This study introduces an unsupervised learning algorithm for time-frequency deconvolution using fractional β-divergence. The novel method enhances audio source separation by efficiently extracting spectral dictionaries and sparse temporal codes.
Area of Science:
- Signal Processing
- Machine Learning
- Audio Analysis
Background:
- Nonnegative matrix factorization (NMF) is crucial for signal decomposition.
- Traditional NMF methods often use fixed divergence measures (e.g., Kullback-Leibler, Least Squares).
- Fractional β-divergence offers a more flexible cost function for NMF.
Purpose of the Study:
- To develop an unsupervised learning algorithm for sparse nonnegative matrix factor time-frequency deconvolution.
- To optimize the deconvolution process using a generalized fractional β-divergence.
- To improve source separation performance in audio mixtures.
Main Methods:
- An unsupervised learning algorithm based on fractional β-divergence was developed.
- A maximization-minimization (MM) algorithm was employed for fast convergence.
- The algorithm decomposes time-frequency representations into spectral dictionaries and sparse temporal codes.
- A method for estimating the fractional β value was proposed.
Main Results:
- The proposed algorithm demonstrated efficient extraction of spectral dictionaries and temporal codes.
- Optimized deconvolution led to significantly improved audio source separation.
- The method showed superior performance compared to existing factorization techniques.

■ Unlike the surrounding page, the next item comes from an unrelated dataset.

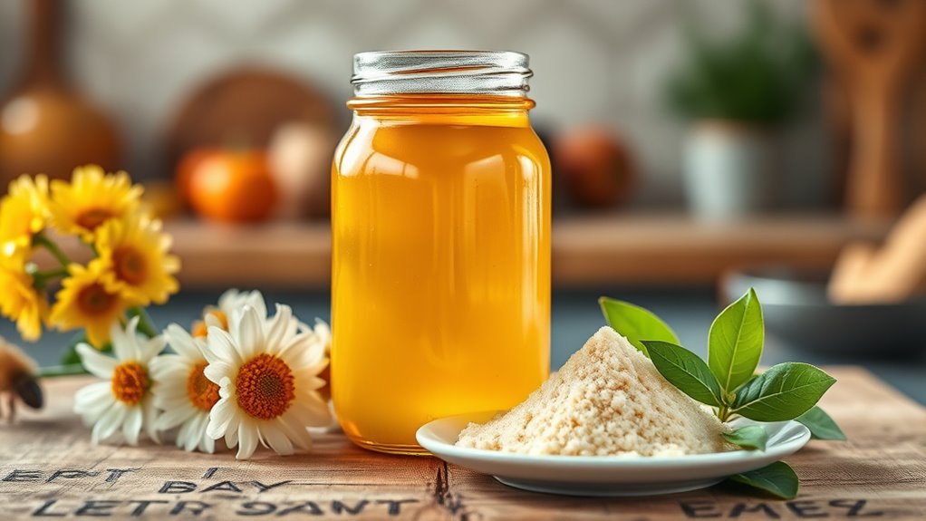 You can find keto-friendly honey substitutes made from ingredients like erythritol, monk fruit, or stevia, which don’t cause honey crystallization issues or affect blood sugar levels. These alternatives mimic honey’s sweetness without relying on natural sugars, often using specialized honey extraction processes that preserve flavor while keeping carbs low. They’re perfect for satisfying your sweet tooth on a keto diet without compromising your goals.

- Guaranteed convergence was achieved through the multiplicative update algorithm.
Conclusions:
- The generalized fractional β-divergence provides a powerful tool for sparse nonnegative matrix factorization.
- The developed unsupervised algorithm offers enhanced efficiency and accuracy in time-frequency deconvolution.
- This approach significantly improves performance in single-channel audio source separation tasks.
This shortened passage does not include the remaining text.